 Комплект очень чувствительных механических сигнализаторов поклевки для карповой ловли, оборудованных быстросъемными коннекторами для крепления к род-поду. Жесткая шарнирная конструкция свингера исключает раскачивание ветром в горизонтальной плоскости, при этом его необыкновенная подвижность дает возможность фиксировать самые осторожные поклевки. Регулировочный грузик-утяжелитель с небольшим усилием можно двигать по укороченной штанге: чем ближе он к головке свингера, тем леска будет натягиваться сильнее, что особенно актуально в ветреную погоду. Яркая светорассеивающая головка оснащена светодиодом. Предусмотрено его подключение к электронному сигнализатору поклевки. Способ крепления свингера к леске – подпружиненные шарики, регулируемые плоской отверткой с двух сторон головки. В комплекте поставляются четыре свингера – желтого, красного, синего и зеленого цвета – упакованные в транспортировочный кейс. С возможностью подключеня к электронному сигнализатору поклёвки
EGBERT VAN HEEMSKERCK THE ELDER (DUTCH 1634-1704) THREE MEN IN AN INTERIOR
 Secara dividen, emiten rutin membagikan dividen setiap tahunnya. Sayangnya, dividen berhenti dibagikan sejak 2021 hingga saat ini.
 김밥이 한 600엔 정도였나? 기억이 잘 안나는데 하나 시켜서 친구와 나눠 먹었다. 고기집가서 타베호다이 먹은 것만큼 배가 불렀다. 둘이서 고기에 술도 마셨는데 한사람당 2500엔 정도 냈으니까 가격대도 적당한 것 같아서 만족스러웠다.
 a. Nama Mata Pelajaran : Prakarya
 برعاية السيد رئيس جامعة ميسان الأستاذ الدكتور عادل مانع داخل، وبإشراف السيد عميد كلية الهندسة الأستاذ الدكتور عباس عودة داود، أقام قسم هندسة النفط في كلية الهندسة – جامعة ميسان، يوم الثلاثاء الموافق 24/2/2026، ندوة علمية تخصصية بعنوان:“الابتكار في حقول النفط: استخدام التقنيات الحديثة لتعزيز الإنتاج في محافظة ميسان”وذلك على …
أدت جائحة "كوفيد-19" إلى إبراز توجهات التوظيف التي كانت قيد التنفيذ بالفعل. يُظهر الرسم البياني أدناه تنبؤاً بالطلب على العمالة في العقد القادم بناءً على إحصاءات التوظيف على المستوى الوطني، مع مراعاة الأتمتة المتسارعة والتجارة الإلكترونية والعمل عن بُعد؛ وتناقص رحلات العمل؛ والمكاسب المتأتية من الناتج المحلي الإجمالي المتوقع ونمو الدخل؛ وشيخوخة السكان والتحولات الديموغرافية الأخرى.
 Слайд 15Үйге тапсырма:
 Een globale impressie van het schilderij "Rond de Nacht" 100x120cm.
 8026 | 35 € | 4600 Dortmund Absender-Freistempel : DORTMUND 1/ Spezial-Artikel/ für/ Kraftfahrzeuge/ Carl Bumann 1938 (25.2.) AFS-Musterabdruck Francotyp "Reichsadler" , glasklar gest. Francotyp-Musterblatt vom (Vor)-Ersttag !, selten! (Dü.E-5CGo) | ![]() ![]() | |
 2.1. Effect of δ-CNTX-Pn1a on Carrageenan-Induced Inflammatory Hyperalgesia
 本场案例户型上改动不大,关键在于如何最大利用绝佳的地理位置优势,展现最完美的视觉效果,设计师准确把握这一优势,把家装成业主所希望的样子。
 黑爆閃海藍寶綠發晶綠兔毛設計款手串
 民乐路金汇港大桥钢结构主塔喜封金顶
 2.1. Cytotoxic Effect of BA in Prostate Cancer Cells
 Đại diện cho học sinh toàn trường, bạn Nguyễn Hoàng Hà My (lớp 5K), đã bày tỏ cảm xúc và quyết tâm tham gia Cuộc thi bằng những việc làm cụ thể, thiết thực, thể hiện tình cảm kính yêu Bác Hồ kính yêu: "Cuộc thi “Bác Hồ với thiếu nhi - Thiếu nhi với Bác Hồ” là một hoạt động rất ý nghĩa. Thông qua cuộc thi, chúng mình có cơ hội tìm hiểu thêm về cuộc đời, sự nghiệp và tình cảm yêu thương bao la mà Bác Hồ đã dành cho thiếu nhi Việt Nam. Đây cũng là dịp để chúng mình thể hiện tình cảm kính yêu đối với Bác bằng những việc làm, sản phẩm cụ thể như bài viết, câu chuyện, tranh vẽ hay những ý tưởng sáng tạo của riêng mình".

• • • • • • •

ABOUT THIS TASK:
Only the number is wanted: how many lines in the entries above contain the string "Effect"?

RESULT OF THE EXERCISE:
2